- 1Tigoni Level IV Hospital, Kiambu, Kenya
- 2Kenyatta University Teaching, Referral & Research Hospital, Nairobi, Kenya
- 3Cardiology Department, Bart’s Heart Centre, London, United Kingdom
Background: Calcific aortic valve stenosis (CAVS) is the most prevalent valvular heart disease and a growing global health concern. Aortic sclerosis (ASc) and aortic stenosis (AS) represent a continuum of progressive disease characterized by leaflet thickening, inflammation, lipid deposition, and calcification. Lipoprotein(a) [Lp(a)], with its pro-atherogenic, pro-inflammatory, and pro-calcific properties, has emerged as a key contributor to this process. While its role in atherosclerotic cardiovascular disease is well established, the relationship between Lp(a) and CAVS has been demonstrated in several key studies; however, the available evidence remains limited in volume, and important gaps persist in understanding mechanisms, risk stratification, and therapeutic implications.

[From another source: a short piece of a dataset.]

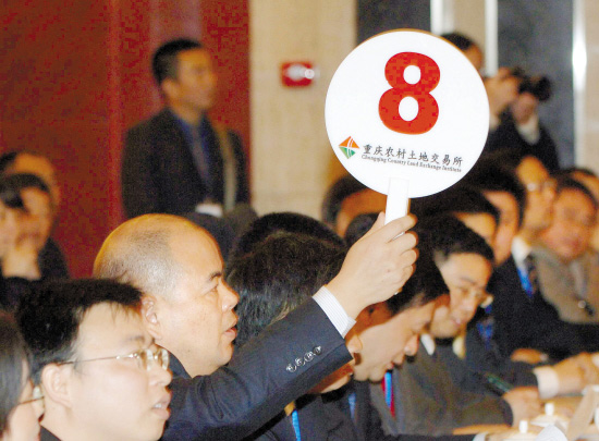 12月4日,一家企業的負責人正在重慶農村土地交易所舉行的首場交易會上競拍。
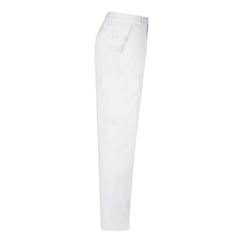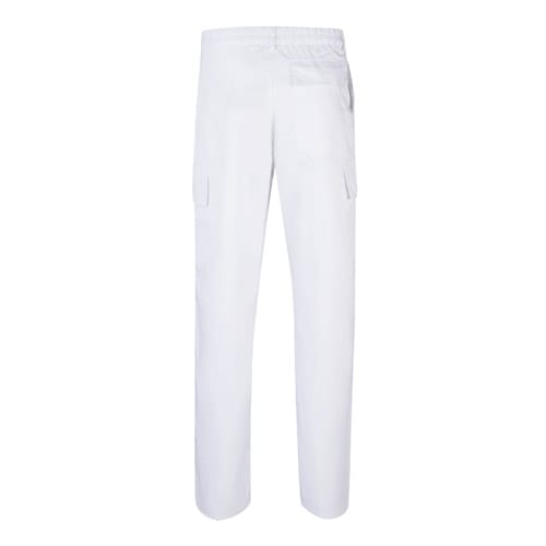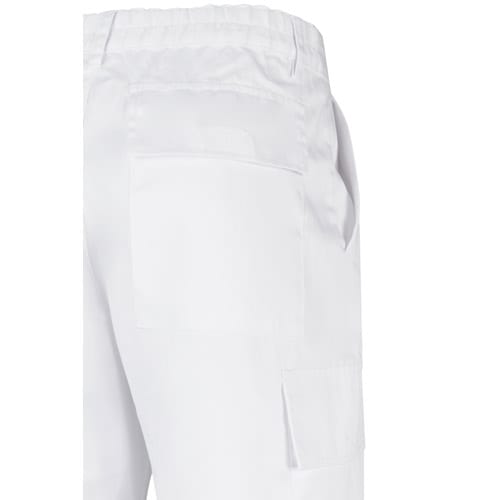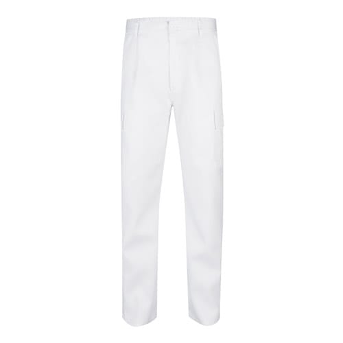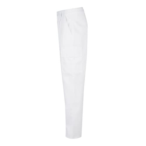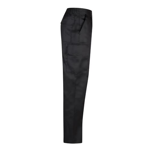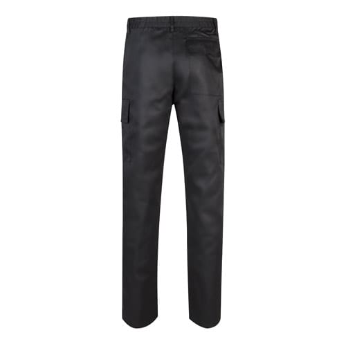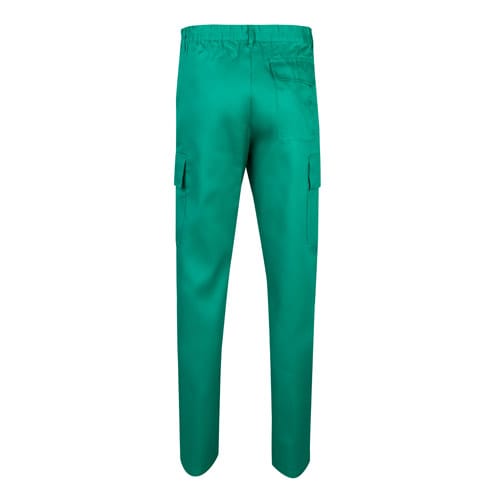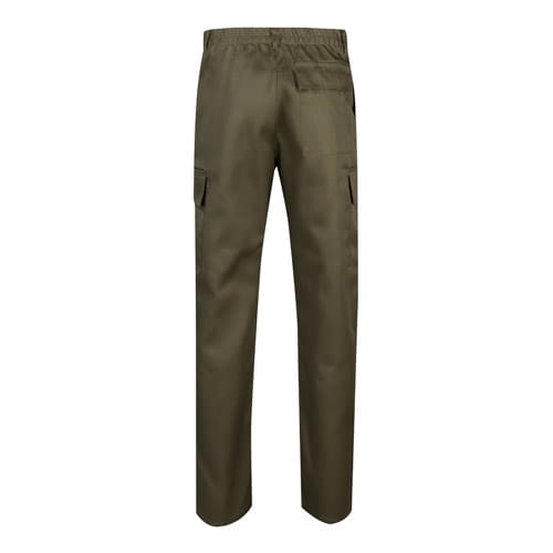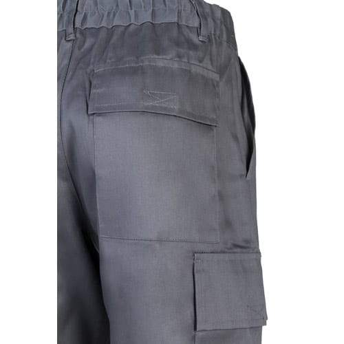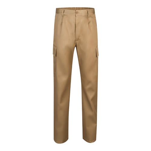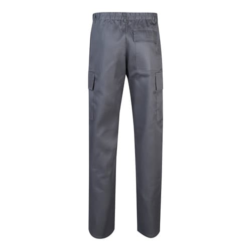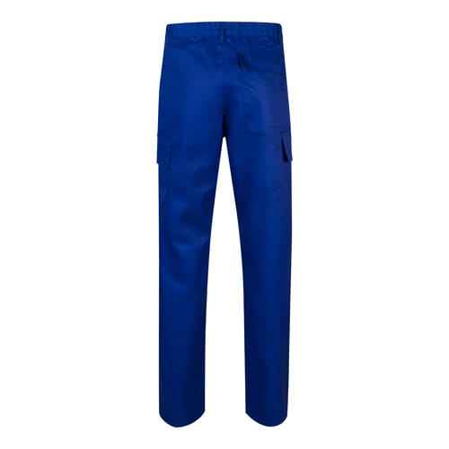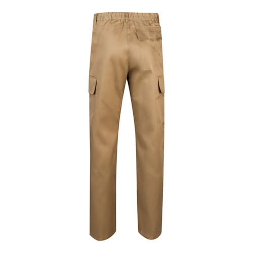 Pantalon multipoches en sergé (190g/m²), en coton (20%) et polyester (80%). Avec ceinture élastiquée et cinq poches (2 poches françaises, 2 poches à soufflet latérales et 2 poches à soufflet arrière). Taille: 36, 38, 40, 42, 44, 46, 48, 50, 52, 54, 56, 58, 60

Methods: A systematic literature search was conducted in PubMed, Cochrane Library, ScienceDirect, Medline, ResearchGate, Embase, and Google Scholar in accordance with PRISMA guidelines. Eligible studies included observational designs (cross-sectional, cohort, case-control) and randomized trials evaluating associations between Lp(a) levels, genetic variants, and CAVS. Study quality was assessed using the Newcastle–Ottawa Scale (NOS).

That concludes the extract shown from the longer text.